Jan Ellison is a graduate of Stanford University and San Francisco State University’s MFA Program. She has published award-winning short fiction, and was the recipient of a 2007 O. Henry Prize for her first story to appear in print. Her work has also been shortlisted for Best American Short Stories and the Pushcart Prize. She lives in Northern California with her husband and their four children. A Small Indiscretion is her first book.
Saturday, Feb. 28, 4:00 p.m.
Clyde Curley, A Cup of Hemlock – Mystery, Local Author
A beloved high school teacher has been murdered in his classroom. Portland Police Bureau Detectives Matthew Toussaint and Missy Owens work to discover who among the suspects pulled the trigger—the distressed student, the angry parent, the hostile fellow teacher, or the vindictive principal. The detectives delve into school politics in search of the truth, exposing simmering resentments and rancor.
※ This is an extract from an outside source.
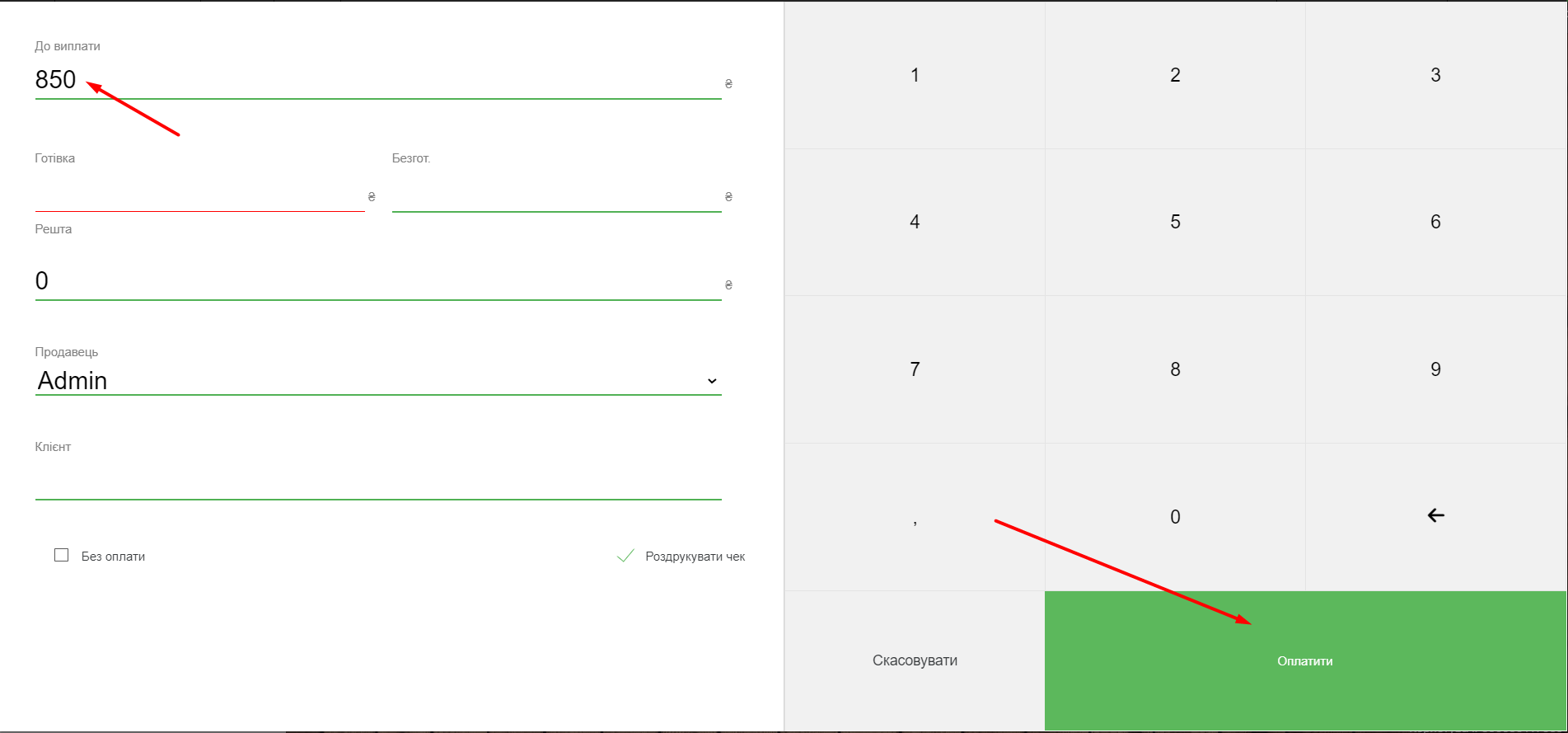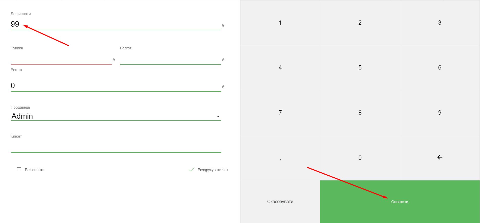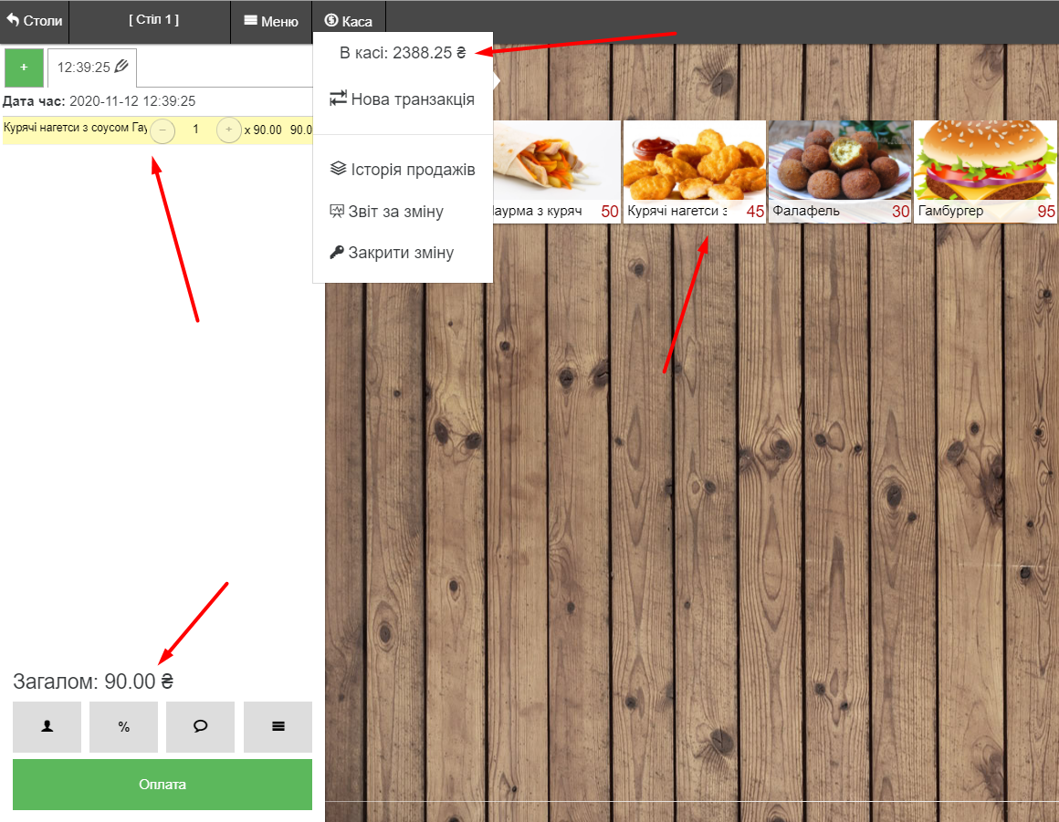 - Де можна переглянути касу до операції 90.00, і сформувати чек з підсумковою сумою.
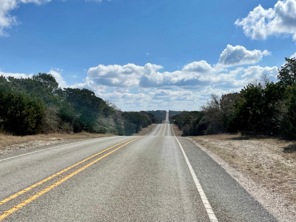 It’s early morning in Camp Wood, TX. So… if it’s morning and camped in Camp Wood, is that morning wood? What’s the rent on something like that? The rent is too damn high. However, the sounds of dogs and cats and roosters wake me up out of the tent at 6 or so. I replace that leaky tube, which is now completely flat. Shitty gas station coffee and a gas station shitter lie before me. Before the hills that lie before that shit. And I hear these hills have hills, not unlike the ones I caught on the northern bound Natchez a couple years ago.

Clyde Curley enjoyed a long career as a high school teacher in Oregon. Over the years, he has also pursued an avocation as a folk musician focusing on traditional fiddle music. In this role he has appeared at many dance halls, music camps and festivals, including as a workshop leader at the recent Bellingham Folk Festival. A Cup of Hemlock is his second novel in the Detective Toussaint mystery series. The first, Raggedy Man, won multiple awards and recognition, including Chanticleer Book Reviews’ Grand Prize for mysteries and thrillers. He lives with his wife in Bellingham.